Meine Antwort war nicht weniger intelligent. ‚Gerne'. Das sagte viel aus, ich mochte es selber nicht, wenn man nicht wusste, wann Gäste kamen. ‚So gegen 11:30'. Im Spiegel sah ich, dass ich lächelte. Ich spürte es auch. Aber was ist, wenn ich trödel, mich verlaufe, oder...

‚Plus, Minus, muss auch noch den Bus checken', das sollte jetzt hinreichend genau sein und Platz für Unpünktlichkeiten lassen. Klang aber auch erschreckend hilflos. Also noch eine Nachricht nachgeschickt, ‚keine Sorge, bin vor 12 da'.

Ja, dachte ich. Das mach ich, aber erst einmal raus aus den Schuhen und Dusche.

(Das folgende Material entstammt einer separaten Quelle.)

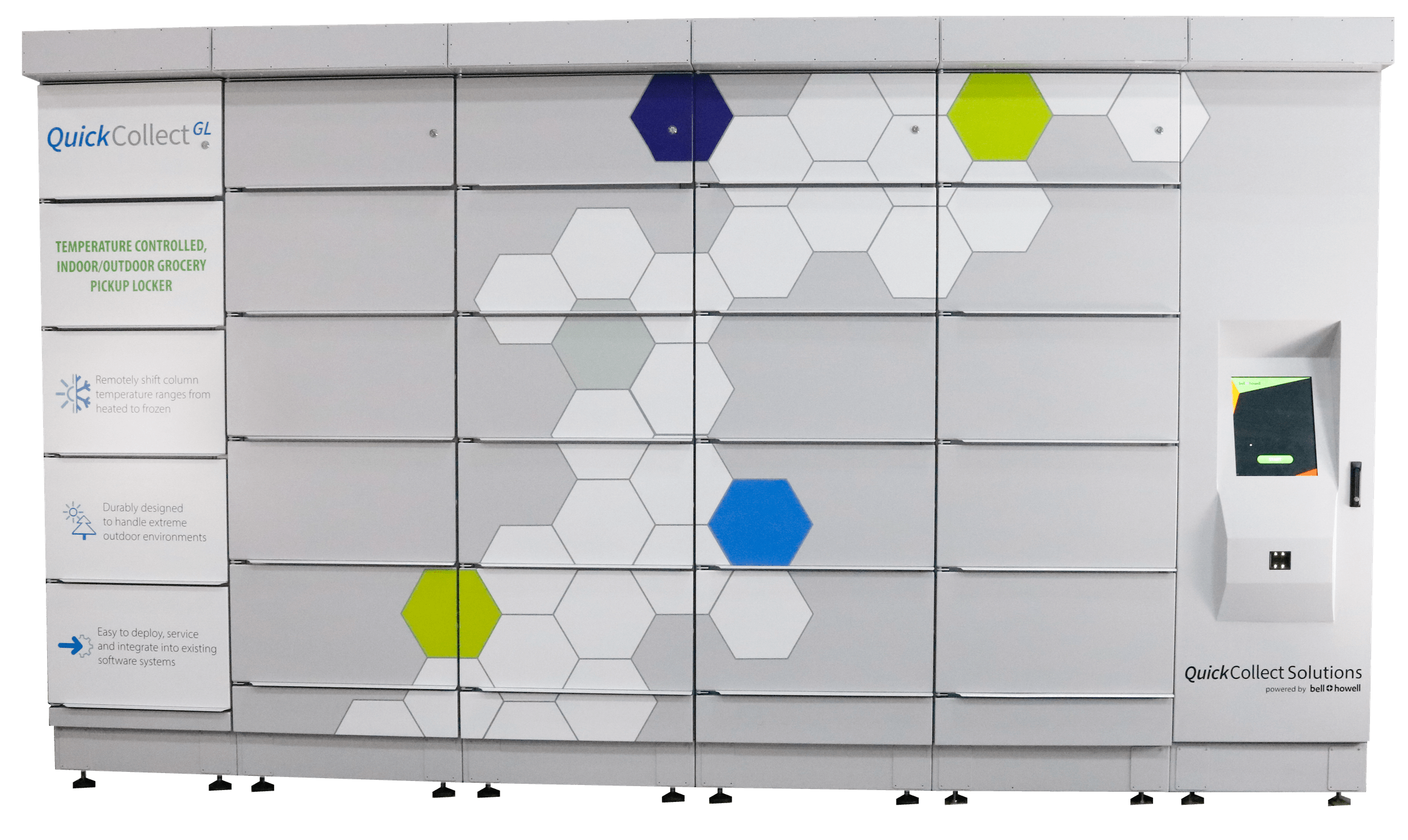 The QuickCollect GL, a member of the QuickCollect Solutions portfolio of automated pickup solutions offered by Bell and Howell, is a modular, temperature-controlled locker engineered for indoor and outdoor installations. Each column in the modular design can be remotely adjusted to be any temperature, from frozen to heated, to meet any specific storage temperature requirements. The lockers will first be available in select locations in the Muncie, IN area, with rapid expansion plans in the works.

‚Ich freu mich', leuchtete auf mein Handy. Jetzt kam ich nicht mal aus meinen Schuhen, ohne grinsend hängen zu bleiben und eine Antwort zu tippen. ‚Ich mich auch.'

Der Tag wurde besser, mein Hirn matschiger. Aber nichts, was eine Dusche nicht wieder hinbekommen würde, dachte ich zumindest. Ich seifte mir gerade die Beine ein, da kam die nächste Panik. Was zieh ich an? Legere Jeans? Lieber meine gute schwarze Stoffhose? Aber das war doch kein Date. Ein sommerliches Kleid? Zu fröhlich, unbeschwert? Bluse zu chic? Pullover zu nachlässig? Mein gelbes Top zu verspielt? Plötzlich hatte ich zu viele Teile, die alle zu nichts zu gebrauchen waren. In Rekordzeit hatte ich mich abgeseift, in ein Handtuch gewickelt und stand vor dem Schrank. Mit halbfeuchten Fingern sortierte ich Kleider, Hosen und Oberteile. Legte meine Wäsche dazu und verwarf alles wieder. Warum zum Henker machte ich mir eigentlich Gedanken um meine Wäsche? Es ging um ein Mittagsessen mit der Geliebten meiner Mama.